Bessel goes down as well for making the first measurement of the distance of a star other than the Sun. The method was parallax, observing the relative motion of the star 61 Cygni from both sides of the Earth’s orbit around Sol. His studies of 61 Cygni demonstrated that it had the greatest proper motion of all stars whose motion he could calculate. He worked out a distance of roughly 10 light years, not so far off the 11.1 light year distance now estimated for the star.
61 Cygni, a relatively dim object, made an interesting choice given far brighter and more nearby objects.
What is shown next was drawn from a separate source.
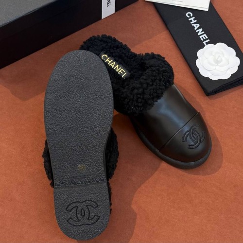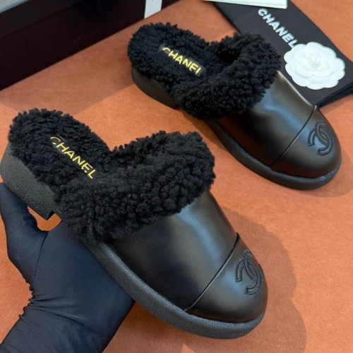 Черные женские мюли Chanel из натуральной кожи и овчины. Эти мюли появились в новой коллекции, чтобы даже на прогулке или в офисе вы чувствовали себя как дома. На удобном каблуке, с открытой пяткой и с подкладкой из натурального меха - изделие повторяет силуэт комфортной домашней обуви. В нашем интернет-магазине вы можете купить копии мюли с доставкой по Москве и по всей России.

At the Royal Observatory at the Cape of Good Hope in South Africa, a Scottish lawyer named Thomas Henderson began studying the Alpha Centauri system, the third brightest star after Sirius and Canopus. Henderson’s calculations of Alpha Centauri’s 41 trillion kilometer distance were actually complete before Bessel’s announcement about 61 Cygni was made but the latter’s work was circulated first. At the same time, Friedrich Georg Wilhelm Struve had measured the parallax of Vega, a converging of talent and interest at a propitious time for astronomy.
A final thought: The early work with parallax reminds us of the fact that while the method works for nearby stars (up to about 200 light years) it fails with more distant objects that show no apparent motion in the six months between observations. One virtue of a deep space probe like Claudio Maccone’s FOCAL platform would be that at 550 AU from the Sun, FOCAL could deliver a much longer baseline for calculating stellar distances. Extend that baseline to the Centauri system and you have a precision tool for mapping our part of the galaxy.